R:按变量分组,然后按另一个变量的出现次数计数/过滤

R:按变量分组,然后按另一个变量的出现次数计数/过滤,r,dplyr,group-by,count,R,Dplyr,Group By,Count,我有一个分类变量和状态的数据框架。对于每个状态,我想找到最常见的分类变量,并过滤掉其余的 例如 对于阿拉巴马州,cat_变量_2是最常见的-因此,在阿拉巴马州的数据框中,包含cat_变量_2的行将是所有剩余的行。这将适用于每个州 1 Alabama cat_variable_2 2 Alabama cat_variable_2 谢谢你 您可以过滤每个状态中出现次数最多的变量 library(dplyr) df %>% group_by(state) %>% filter

我有一个分类变量和状态的数据框架。对于每个状态,我想找到最常见的分类变量,并过滤掉其余的

例如

对于阿拉巴马州,cat_变量_2是最常见的-因此,在阿拉巴马州的数据框中,包含cat_变量_2的行将是所有剩余的行。这将适用于每个州

1  Alabama   cat_variable_2
2  Alabama   cat_variable_2

谢谢你

您可以过滤每个
状态中出现次数最多的变量

library(dplyr)
df %>% group_by(state) %>% filter(variable == names(which.max(table(variable))))

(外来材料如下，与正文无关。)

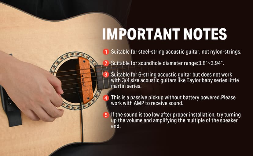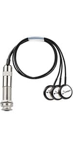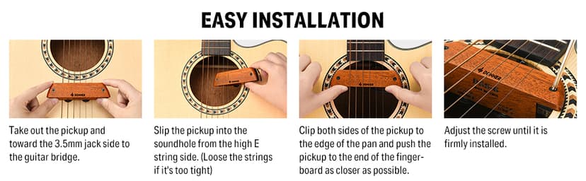 Specification: Pickup Theory: Cutting Magnetic Lines Pickup Type: Humbucking Passive Housing: SOLID Mahogany Housing Connection Method: 64cm instrument cable with 3.5mm and 6.35mm jacks Fit Minimum Soundhole Diameter: 3.8” (96.6 mm)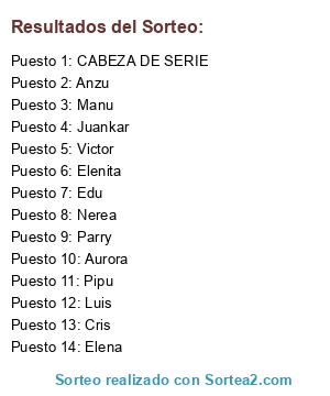 Lista de participantes: Parry, Nerea, Luis, Elena, Elenita, Manu, Anzu, Juankar, Victor, Aurora, Cris, Pipu, Edu, CABEZA DE SERIE.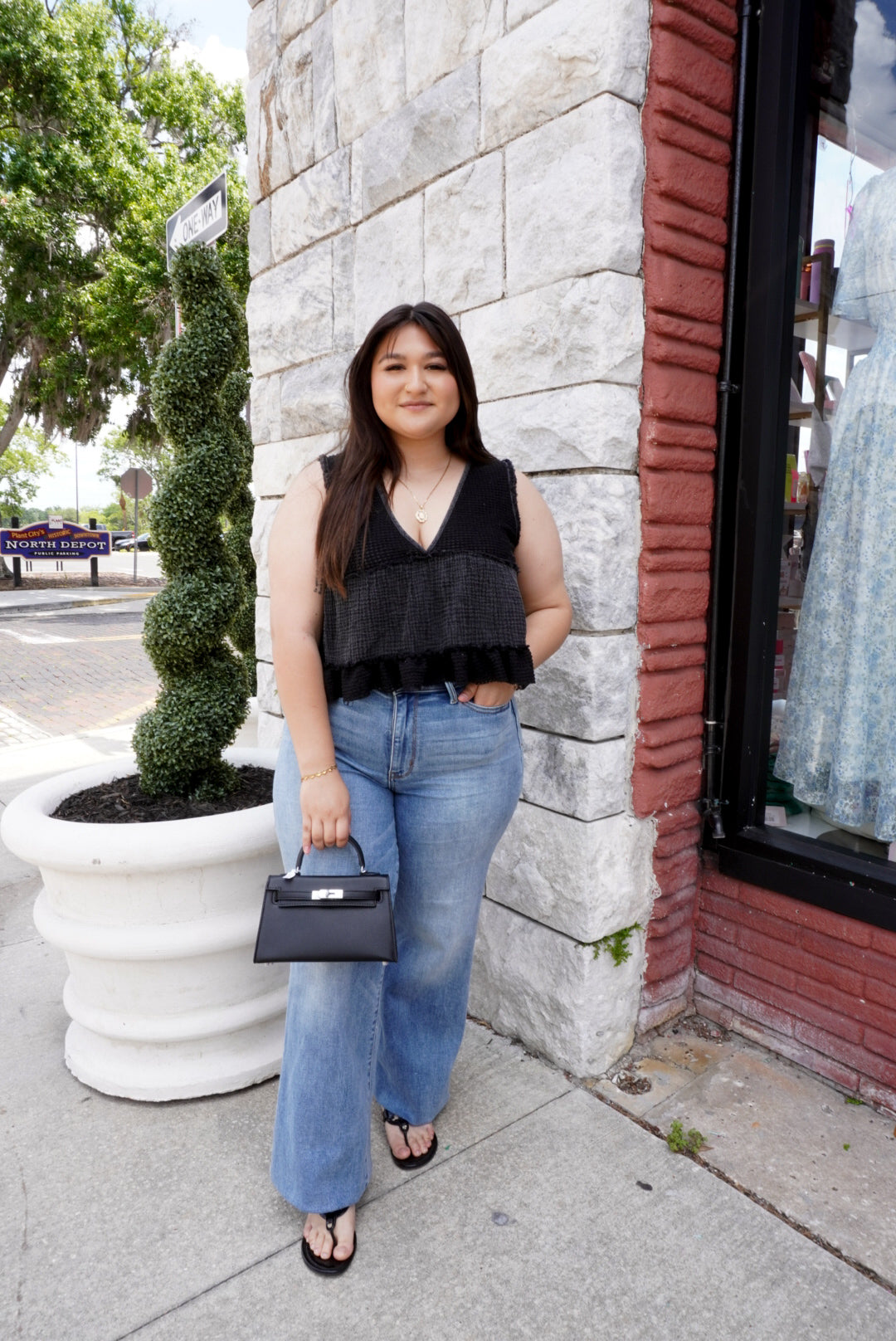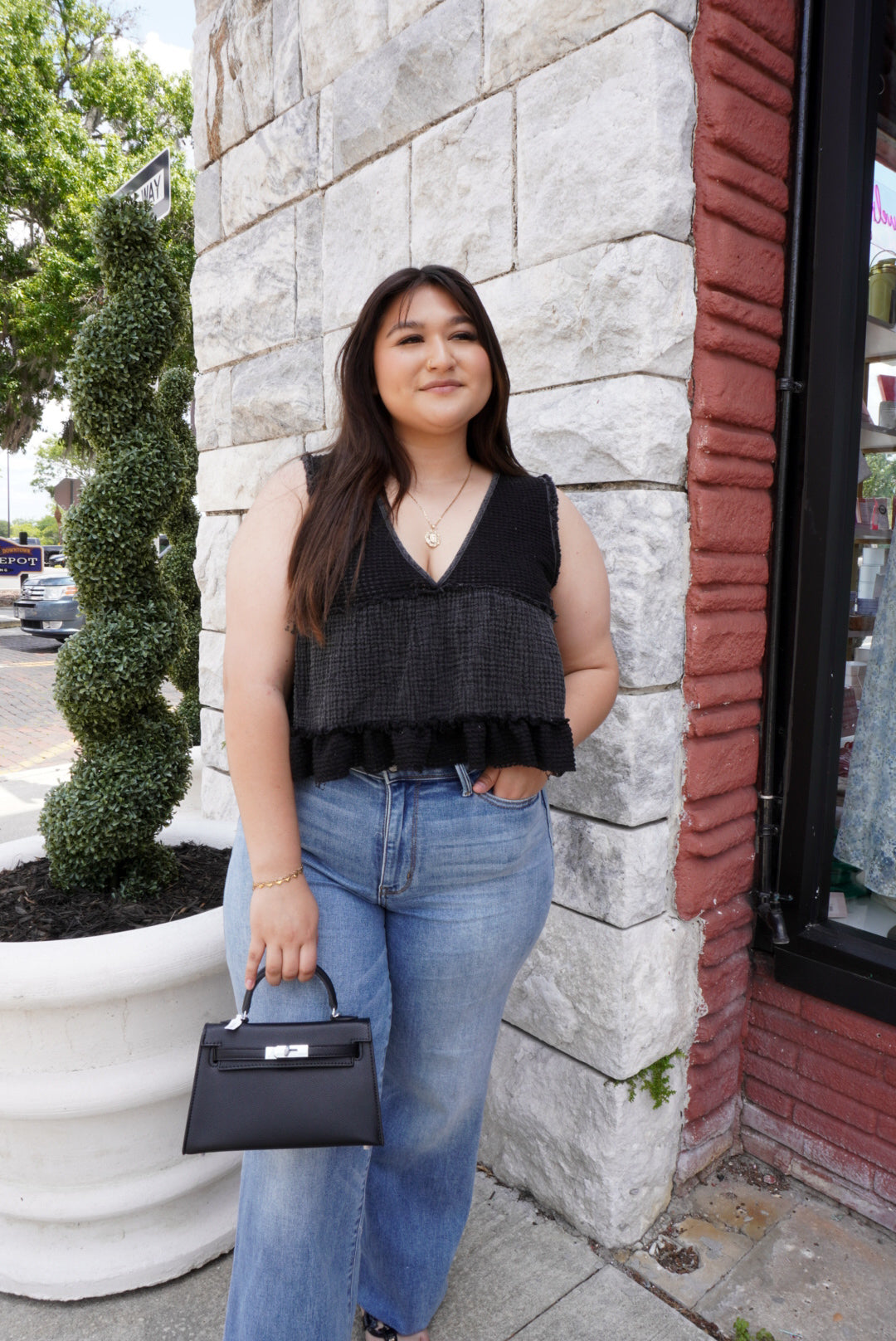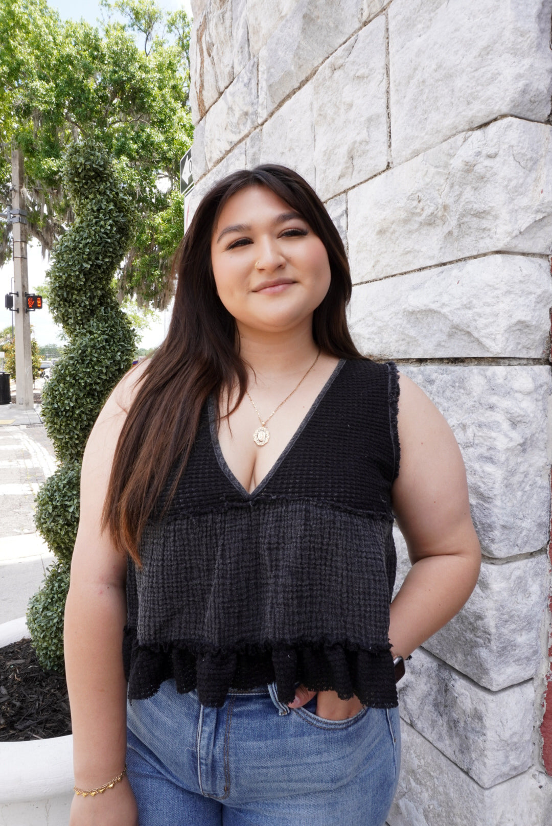 The Pure Heart Top is a black tank top with delicate knitted details and playful ruffles. This versatile top adds a touch of femininity to any outfit and is perfect for both casual and dressy occasions. Its charming design is sure to capture hearts. - Fit: True to size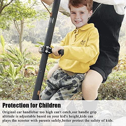 - Posizione regolabile. Regolare la posizione della maniglia in base all'altezza del bambino per risolvere il problema che il bambino non può raggiungere la maniglia originale dello scooter. Gli adulti e i bambini possono utilizzare lo scooter elettrico contemporaneamente per garantire la sicurezza del bambino.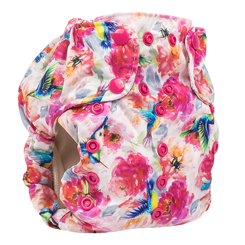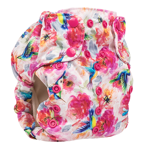 Smart Bottoms one-size, all-in-one diaper is available in bold solid colors with accent colored snaps as well as fun prints. The trim design will fit under most clothing, no need to buy the next size up in clothing just to fit over the diaper. Our one-size diapers can be used on most children from birth until potty.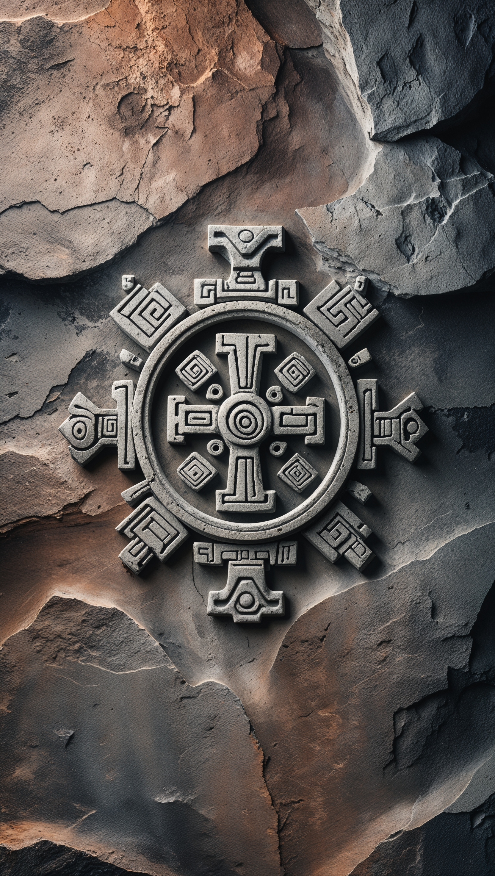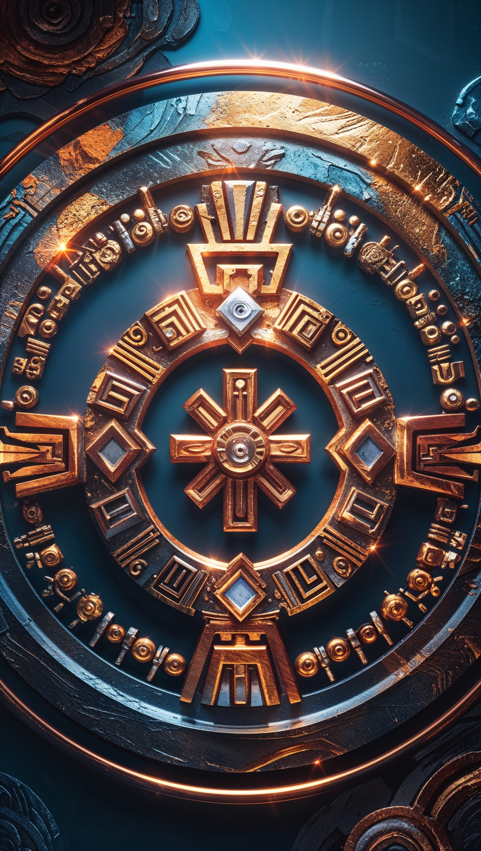 Metallic effect on ancient Aztec symbols iPhone wallpaper 1664x2944 Metallic effect on ancient Aztec symbols iPhone wallpaper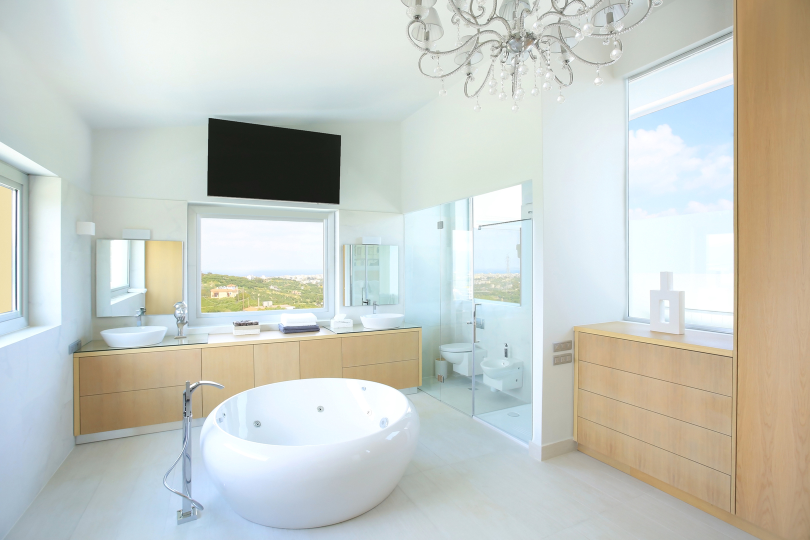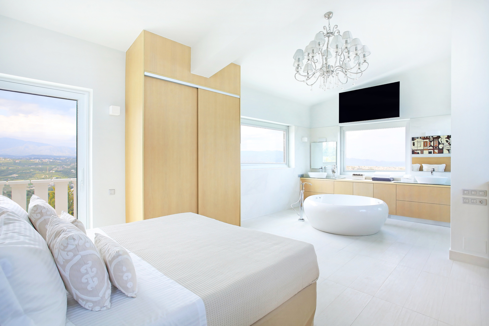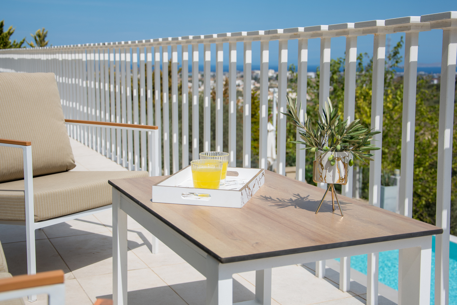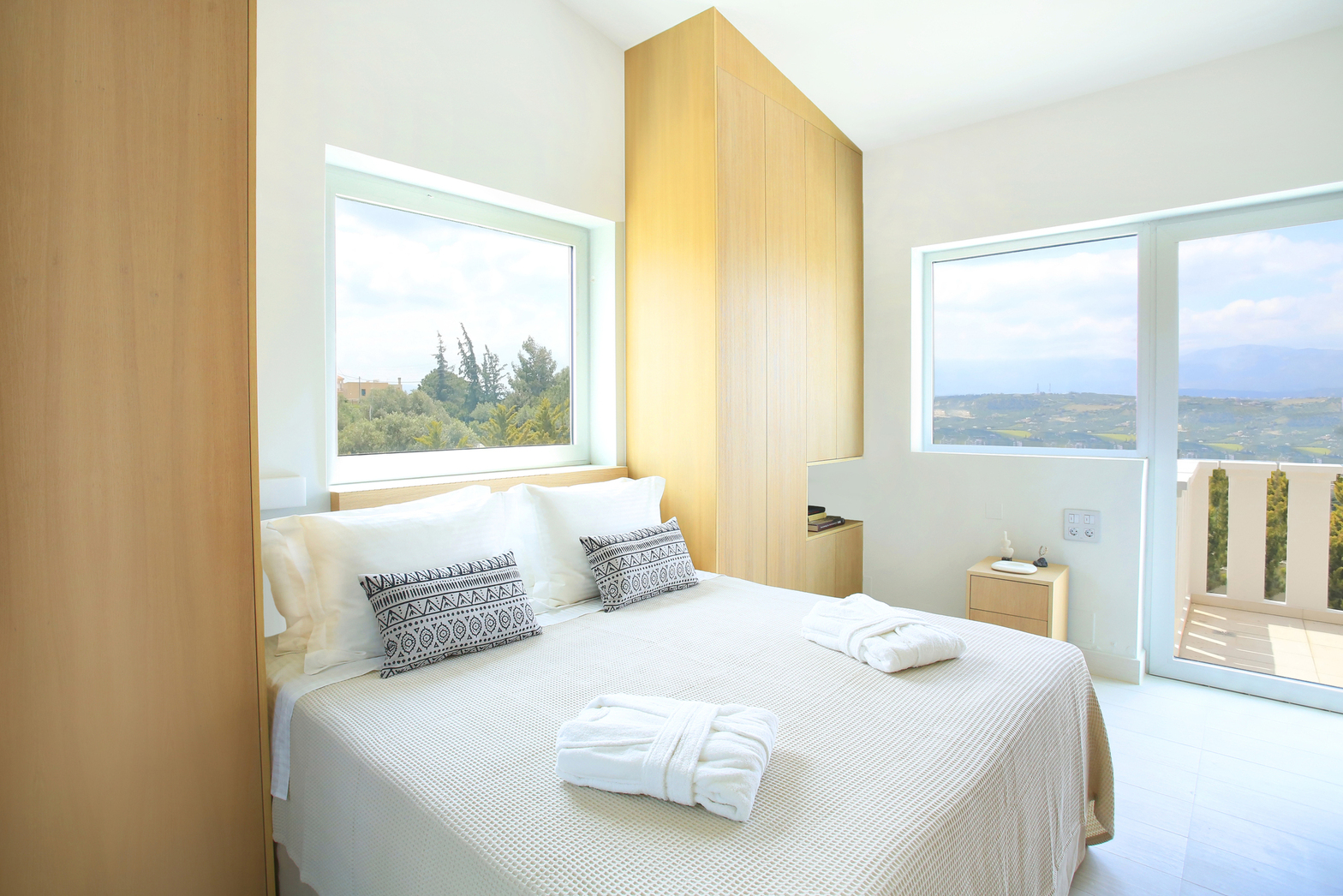 Η τοποθεσία του The Mansion επιτρέπει στον επισκέπτη να απολαμβάνει μοναδική θέα από όλα τα σημεία της βίλας. Υπάρχει καταπληκτική θέα του Κρητικού Πελάγους και πανοραμική θέα της πόλης του Ηρακλείου. Ο επισκέπτης έχει την επιλογή να ξεκουραστεί σε βεράντες και μπαλκόνια 350m² που περιβάλλουν τη βίλα.

#   state   variable      
#  <chr>   <chr>         
#1 Alabama cat_variable_2
#2 Alabama cat_variable_2
数据。表

library(data.table)
setDT(df)[, .SD[variable == names(which.max(table(variable)))], state]
数据

df <- structure(list(state = c("Alabama", "Alabama", "Alabama", "Alabama"
), variable = c("cat_variable_1", "cat_variable_2", "cat_variable_2", 
"cat_variable_3")), row.names = c(NA, -4L), class = "data.frame")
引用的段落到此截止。